GIVEN ENTRIES >>
-- Opening Marker --
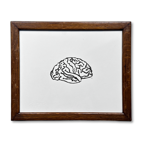 "Brain", Hugo Guinness' enchanting linocut, is intricately carved, printed by hand and housed within an antique wood frame, showcasing Guinness's mastery of linoleum prints, and bringing a unique charm to each signed piece.
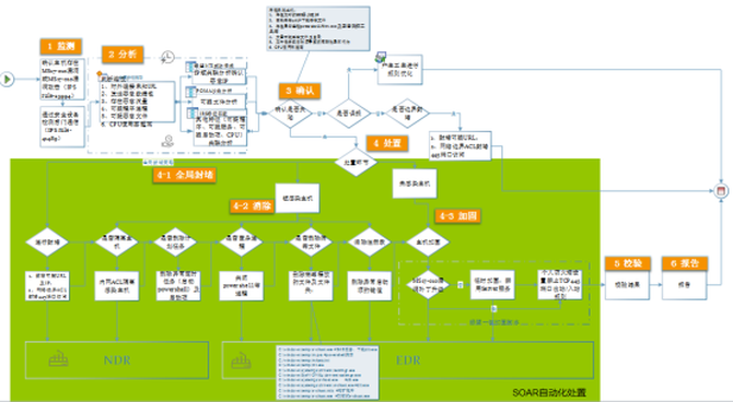 如下是绿盟科技依托SOAR实现的全局封堵、失陷主机清除、未失陷主机加固的全流程:
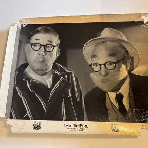 Sort-hvidt udhængsfoto fotografi fra filmen "Far Til Fire Og Onkel Sofus". Billedet viser to personer i en indendørs scene. Nederst på billedet ses filmtitel og produktionsoplysninger trykt på kanten. Velegnet som samlerobjekt eller dekoration for interesserede i klassiske film og fotografi.
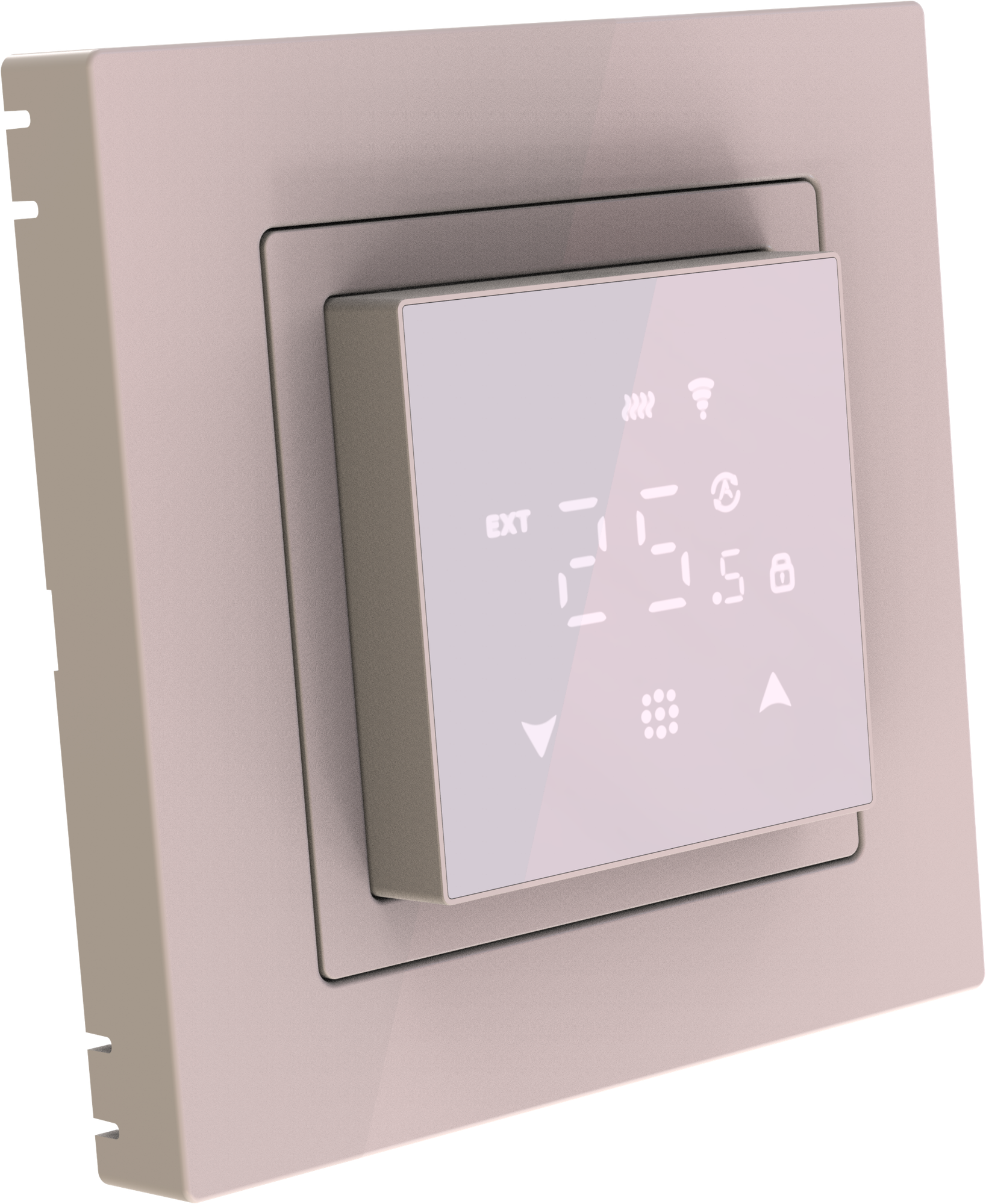 Купить Термостат с датчиком пола и воздуха непрограммируемый, 16A, размер накладки 45х45мм, цвет стекло кашемир с доставкой по всей России.
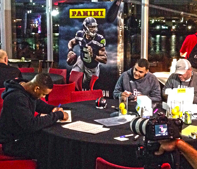 The Collegiate Bowl puts aspiring NFL rookies in front of team evaluators, giving them a chance to draw attention they may not otherwise receive. Among the 2014 rookies attending are Teddy Bridgewater, Mike Evans, Jordan Matthews, Tre Mason, Jarvis Landry, John Brown, Martavis Bryant, Bishop Sankey, Brandin Cooks and others. They signed several cards for the aforementioned upcoming products. Panini shared some photos with us (see below) and we were able to chat with Tampa Bay receiver Mike Evans about his incredible season, his Michael Jordan card collection that he lost, and his advice for upcoming rookies. Evans ranked second among rookie receivers with 1,051 yards. His 12 touchdowns tied Odell Beckham, Jr. for most among rookies.
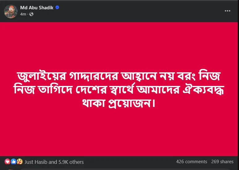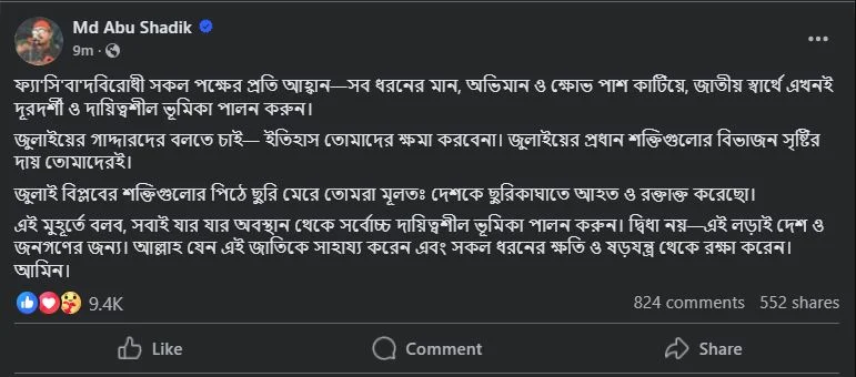 দেশের চলমান রাজনৈতিক পরিস্থিতিতে আবারও ঐক্যের আহ্বান জানিয়েছেন বাংলাদেশ ইসলামী ছাত্রশিবিরের কেন্দ্রীয় প্রকাশনা সম্পাদক ও ঢাকা বিশ্ববিদ্যালয় শাখার সাবেক সভাপতি সাদিক কায়েম। বৃহস্পতিবার (২২ মে) নিজের ভেরিফায়েড ফেসবুক আইডিতে দেয়া এক স্ট্যাটাসে তিনি বলেন, ‘জুলাইয়ের গাদ্দারদের আহ্বানে নয়, বরং নিজ নিজ তাগিদে দেশের স্বার্থে আমাদের ঐক্যবদ্ধ থাকা প্রয়োজন।’
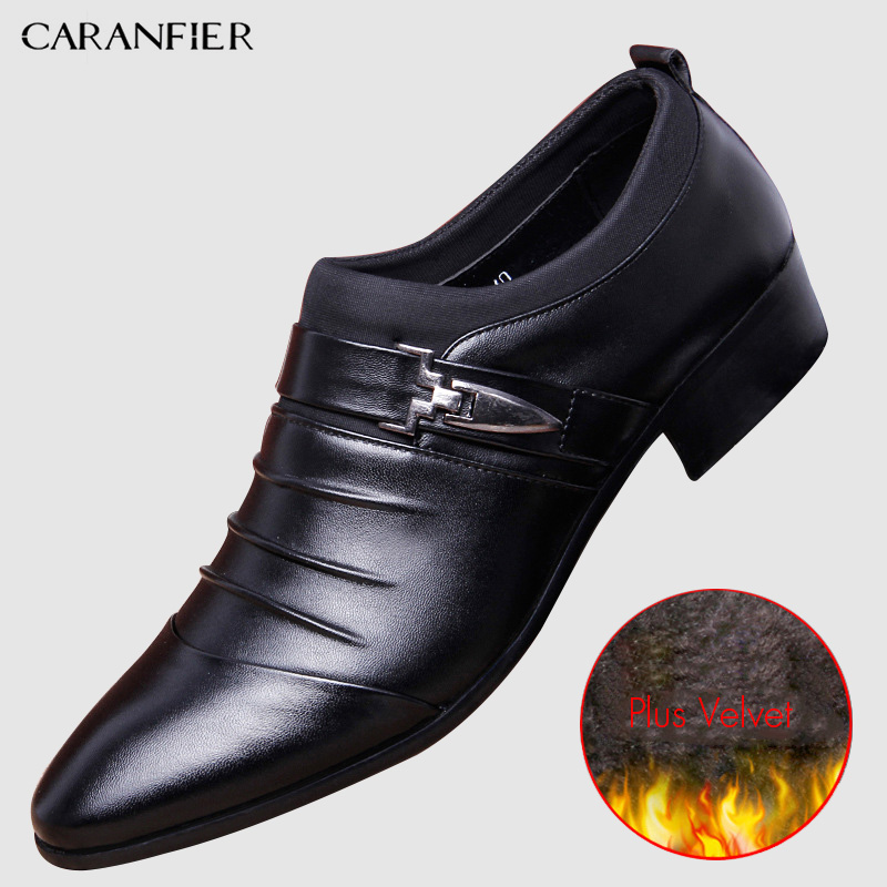 CARANFIER British Men's Slip On Split Leather Pointed Toe Men Dress Shoes Business Wedding Oxfords Formal Shoes For Male
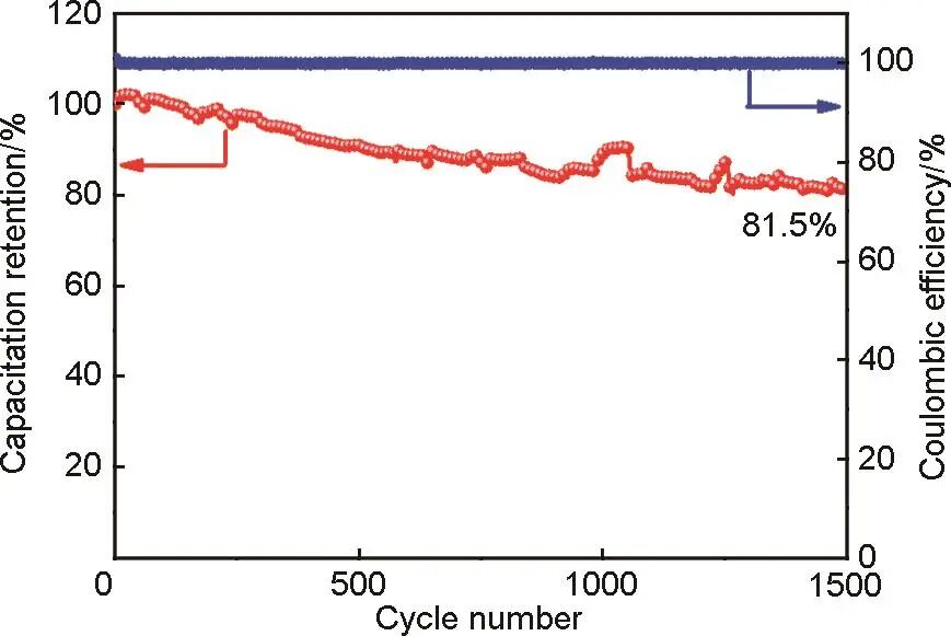 恒功率充放電更接近電池在實際應(yīng)用中的工作情況。為了進一步測試電池在高功率下的循環(huán)性能,對HC//10%N-LCO軟包電池進行充放電功率為30 W的循環(huán)性能測試,如圖6所示。經(jīng)過1500次循環(huán)之后,其容量保持率高達(dá)81.5%,且?guī)靵鲂示S持在接近100%,具有優(yōu)異的恒功率充放電循環(huán)性能。這可歸結(jié)于10%N-LCO材料中的納米顆粒的高比表面積和彈性,能夠通過表面形變和吸收充放電過程中的局部應(yīng)力,減少顆粒破碎。微米顆粒作為結(jié)構(gòu)骨架,能夠提供機械支撐,防止納米顆粒在長周期循環(huán)中發(fā)生團聚或結(jié)構(gòu)坍塌,從而提升電池在高功率充放電條件下的循環(huán)性能。
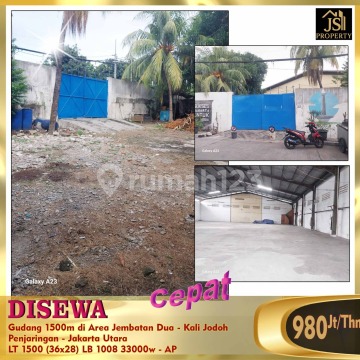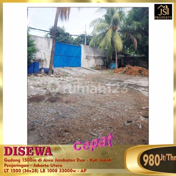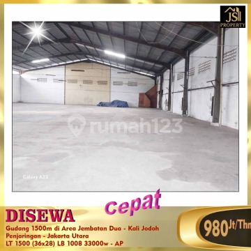 DISEWAKAN Gudang 1500m di Area Jembatan Dua - Kalijodo Penjaringan - Jakarta Utara Luas tanah1500 m Dimensi 36 m x 28 m Luas Bangunan 1008 m Bebas banjir Pln. 33.000 watt Harga 980Jt/thn Nego
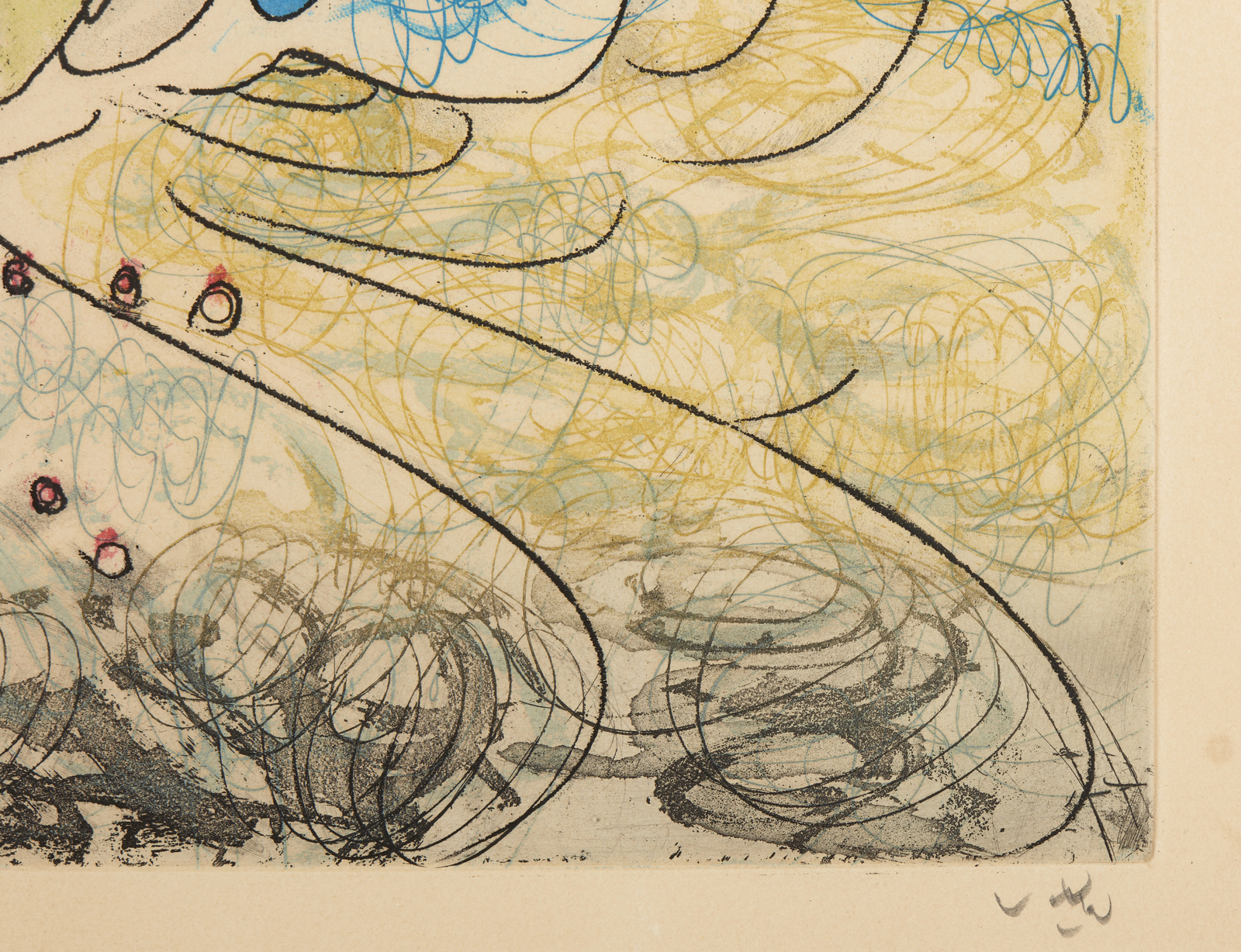 59/100. Tiratura e firma in basso a matita. Filigrana Arches France. Dimensione lastra: 41.5x55 cm. Edizione totale: 100 + XXV esemplari. Editore: Éditions Georges Visat, Paris. Stampatore: Georges Visat e Fequet et Baudier, Paris. Pubblicazione: Catalogue raisonné de l'oeuvre gravé (1943-1974), a cura di Roland Sabatier, Editions Sonet, Paris e Georges Visat, Stockholm, 1975, n°305. Lievi difetti.
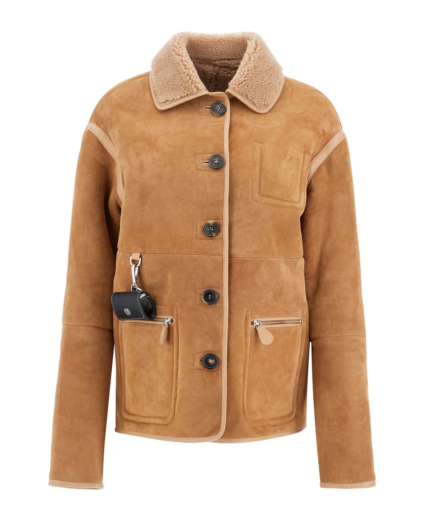 Saks Potts reversible jacket crafted with a side in suede leather and the reverse in soft lamb shearling. It features spread collar, front button fastening, patch pockets, two of which with zipper. Provided with AirPods case with clasp. Oversized fit with dropped shoulders. The model is 177 cm tall and wears size XS.
-- Closing Marker --
WORK TO COMPLETE >> Once the pictures are set aside, repeat the data above exactly as written.

TASK SOLUTION >>
 "Brain", Hugo Guinness' enchanting linocut, is intricately carved, printed by hand and housed within an antique wood frame, showcasing Guinness's mastery of linoleum prints, and bringing a unique charm to each signed piece.
 如下是绿盟科技依托SOAR实现的全局封堵、失陷主机清除、未失陷主机加固的全流程:
 Sort-hvidt udhængsfoto fotografi fra filmen "Far Til Fire Og Onkel Sofus". Billedet viser to personer i en indendørs scene. Nederst på billedet ses filmtitel og produktionsoplysninger trykt på kanten. Velegnet som samlerobjekt eller dekoration for interesserede i klassiske film og fotografi.
 Купить Термостат с датчиком пола и воздуха непрограммируемый, 16A, размер накладки 45х45мм, цвет стекло кашемир с доставкой по всей России.
 The Collegiate Bowl puts aspiring NFL rookies in front of team evaluators, giving them a chance to draw attention they may not otherwise receive. Among the 2014 rookies attending are Teddy Bridgewater, Mike Evans, Jordan Matthews, Tre Mason, Jarvis Landry, John Brown, Martavis Bryant, Bishop Sankey, Brandin Cooks and others. They signed several cards for the aforementioned upcoming products. Panini shared some photos with us (see below) and we were able to chat with Tampa Bay receiver Mike Evans about his incredible season, his Michael Jordan card collection that he lost, and his advice for upcoming rookies. Evans ranked second among rookie receivers with 1,051 yards. His 12 touchdowns tied Odell Beckham, Jr. for most among rookies.
 দেশের চলমান রাজনৈতিক পরিস্থিতিতে আবারও ঐক্যের আহ্বান জানিয়েছেন বাংলাদেশ ইসলামী ছাত্রশিবিরের কেন্দ্রীয় প্রকাশনা সম্পাদক ও ঢাকা বিশ্ববিদ্যালয় শাখার সাবেক সভাপতি সাদিক কায়েম। বৃহস্পতিবার (২২ মে) নিজের ভেরিফায়েড ফেসবুক আইডিতে দেয়া এক স্ট্যাটাসে তিনি বলেন, ‘জুলাইয়ের গাদ্দারদের আহ্বানে নয়, বরং নিজ নিজ তাগিদে দেশের স্বার্থে আমাদের ঐক্যবদ্ধ থাকা প্রয়োজন।’
 CARANFIER British Men's Slip On Split Leather Pointed Toe Men Dress Shoes Business Wedding Oxfords Formal Shoes For Male
 恒功率充放電更接近電池在實際應(yīng)用中的工作情況。為了進一步測試電池在高功率下的循環(huán)性能,對HC//10%N-LCO軟包電池進行充放電功率為30 W的循環(huán)性能測試,如圖6所示。經(jīng)過1500次循環(huán)之后,其容量保持率高達(dá)81.5%,且?guī)靵鲂示S持在接近100%,具有優(yōu)異的恒功率充放電循環(huán)性能。這可歸結(jié)于10%N-LCO材料中的納米顆粒的高比表面積和彈性,能夠通過表面形變和吸收充放電過程中的局部應(yīng)力,減少顆粒破碎。微米顆粒作為結(jié)構(gòu)骨架,能夠提供機械支撐,防止納米顆粒在長周期循環(huán)中發(fā)生團聚或結(jié)構(gòu)坍塌,從而提升電池在高功率充放電條件下的循環(huán)性能。
 DISEWAKAN Gudang 1500m di Area Jembatan Dua - Kalijodo Penjaringan - Jakarta Utara Luas tanah1500 m Dimensi 36 m x 28 m Luas Bangunan 1008 m Bebas banjir Pln. 33.000 watt Harga 980Jt/thn Nego
 59/100. Tiratura e firma in basso a matita. Filigrana Arches France. Dimensione lastra: 41.5x55 cm. Edizione totale: 100 + XXV esemplari. Editore: Éditions Georges Visat, Paris. Stampatore: Georges Visat e Fequet et Baudier, Paris. Pubblicazione: Catalogue raisonné de l'oeuvre gravé (1943-1974), a cura di Roland Sabatier, Editions Sonet, Paris e Georges Visat, Stockholm, 1975, n°305. Lievi difetti.
 Saks Potts reversible jacket crafted with a side in suede leather and the reverse in soft lamb shearling. It features spread collar, front button fastening, patch pockets, two of which with zipper. Provided with AirPods case with clasp. Oversized fit with dropped shoulders. The model is 177 cm tall and wears size XS.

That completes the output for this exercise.